Hundreds of thousands of people in Haiti are on the run from rampant gang violence and have abandoned their homes, a worsening humanitarian crisis that the United Nations describes as “cataclysmic.”
Masses of homeless families dodging gang members who burned down their houses and killed their neighbors have taken over dozens of schools, churches, even government buildings. Many places have no running water, flushing toilets or garbage pickup.
The lucky ones are sleeping on a friend’s sofa.
“There are kids at my camp who have no parents,” said Agenithe Jean, 39, who left her home in the Carrefour Feuilles neighborhood of Haiti’s capital, Port-au-Prince, in August for an improvised camp in an empty lot about six miles away. “We need latrines. We need somewhere to go.”
At least 360,000 people — more than half in the capital or surrounding neighborhoods — have fled their homes in Haiti over the past year, and that number of internally displaced people is expected in the coming months to surpass 400,000, said the U.N.’s International Office for Migration.
Hundreds are unaccompanied children, including orphans and others separated from their parents in the chaos.
Now, as hurricane season nears, humanitarian groups and Haiti’s disaster response office are racing to figure out how to address the swelling crowds living in improvised shelters in a capital with a barely functioning national government and overrun by gangs.
About 90,000 people are living in those sites, and roughly the same number deserted Port-auPrince in March, said the United Nations and aid groups, many for other parts of Haiti, an exodus straining safer cities ill-prepared for an increased demand on water, food and schools.
A U.N. drive to raise $674 million to address the growing list of basic needs in Haiti has raised just 16% of the goal. The United States provided $69.5 million of the $107 million raised so far.

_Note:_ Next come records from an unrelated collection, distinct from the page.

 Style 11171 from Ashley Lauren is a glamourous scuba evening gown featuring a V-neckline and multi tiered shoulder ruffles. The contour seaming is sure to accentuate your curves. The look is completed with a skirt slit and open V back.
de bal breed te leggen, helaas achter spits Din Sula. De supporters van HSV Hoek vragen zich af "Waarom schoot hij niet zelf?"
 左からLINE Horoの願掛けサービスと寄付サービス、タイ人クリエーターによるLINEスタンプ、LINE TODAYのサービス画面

The competition for attention and resources can be eclipsed by crises around the world, including in Gaza, Ukraine and Sudan, aid groups said. The response has paled in comparison to the massive international effort following Haiti’s devastating 2010 earthquake, when countries and aid organizations sent billions in aid. The earthquake killed up to 300,000 people.

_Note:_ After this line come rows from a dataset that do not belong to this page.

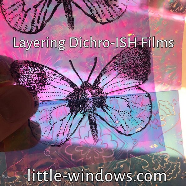 For the sparkle shown in my finished projects - and to give your film support while doming - you'll want to double-up your Dichro-ISH Films. You can use 2 layers of the same color film, or you can select another color to add to the effect. I'm using scraps from my Embossed Dichro-ISH Color-Shift Jewelry video, CLICK HERE to watch that tutorial.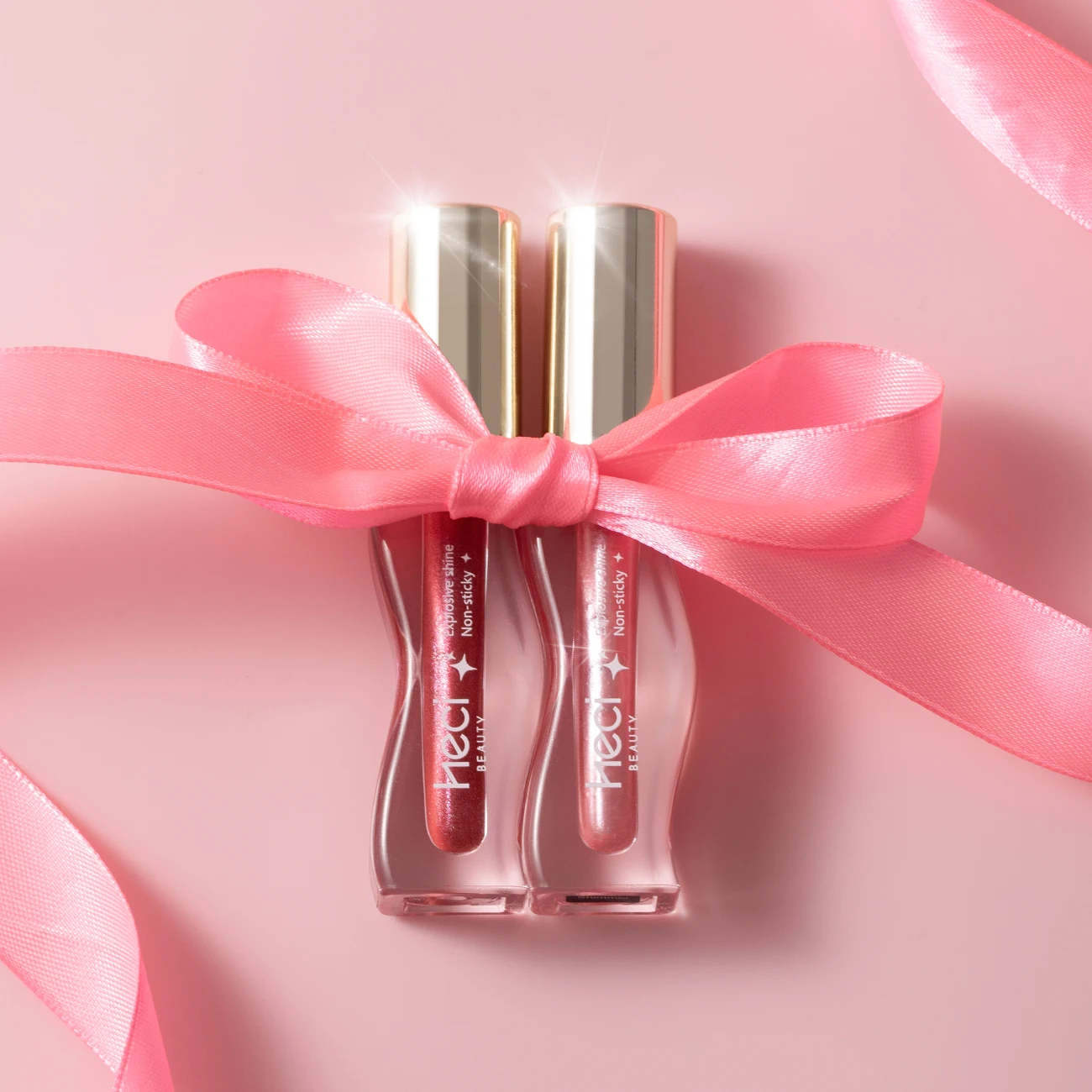 2PCS Shimmer Glossy Lip Glaze Duo- Vegan Tinted Formula, Fine Glitter, Non-Sticky High Shine Glass Lip Finish Sparkle-Nude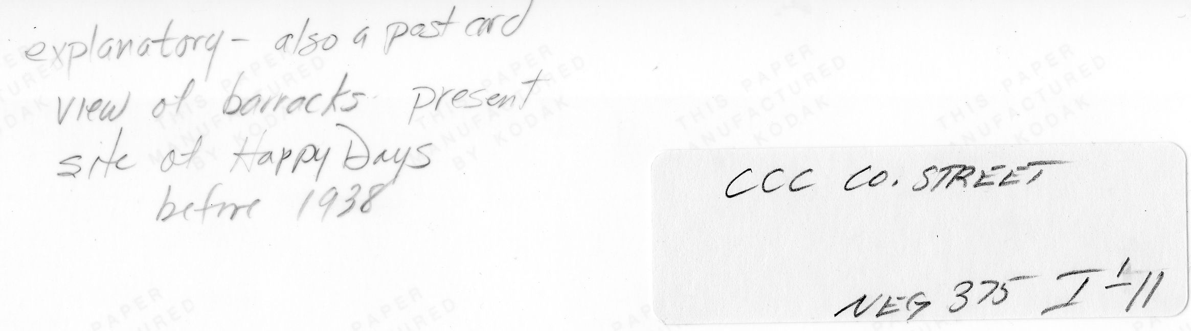 Kendall Barracks (located at current site of Happy Days Lodge), Civilian Conservation Corps ca. 1932-4. See scan of writing on the back of each image for additional details. || Many of the historic structures in the Virginia Kendall unit of Cuyahoga Valley National Park were built by Civilian Conservation Corps workers during the 1930s.

“All of us are going pretty much after the same donors,” said Abdoulaye Sawadogo, head of the U.N. office in charge of humanitarian assistance in Haiti.
The Haitian government agency whose job it is to help refugees normally focuses on natural disasters, not a disaster caused by widespread gang violence.

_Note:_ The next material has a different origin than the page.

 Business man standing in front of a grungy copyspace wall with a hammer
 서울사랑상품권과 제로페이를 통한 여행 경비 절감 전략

“You can track the cyclone. After an earthquake, you can find shelter,” said Emmanuel Pierre, the operations director for the Directorate for Civil Protection, Haiti’s emergency management agency. “Now the problem is a social hazard.”
In the three years since the assassination of the Haitian president Jovenel Moïse, Haiti’s gangs have expanded their territory and increased their violence. Gang leaders achieved a main goal — the resignation of Prime Minister Ariel Henry — and now claim
they want to end poverty as well as a corrupt system run by elites. But they also want amnesty for their crimes and to prevent an international security force led by Kenya from deploying.
In the first three months of this year, about 2,500 people were killed or injured as a result of gang violence — a 53% increase compared to the previous three months, the United Nations said.
Things took a dire turn in late February, when, in a quest to oust the prime minister, rival gangs joined forces to attack police stations, jails and the airport. Entire Port-au-Prince neighborhoods emptied out as gangs took over. People who found safe spaces repeatedly were driven out.
In some ways, Jean got lucky that August day when a gang took over her Carrefour-Feuilles neighborhood
amid a reign of gunfire. When she raced toward her rented house in search of her family, running past bodies on the ground and injured people covered in blood, she stumbled into her four children. All five got out with nothing but the clothes on their backs.
Since that August day, Jean has lived in an improvised tent camp, which she shares with a few dozen others, in the Croix Desprez neighborhood. Unable to work because conditions are too dangerous, but with her children safe with relatives in the countryside, she showers at friends’ houses and has received cash and food from humanitarian groups.
“I don’t think I can ever go back,” she said. “In Port-auPrince, nowhere is safe.”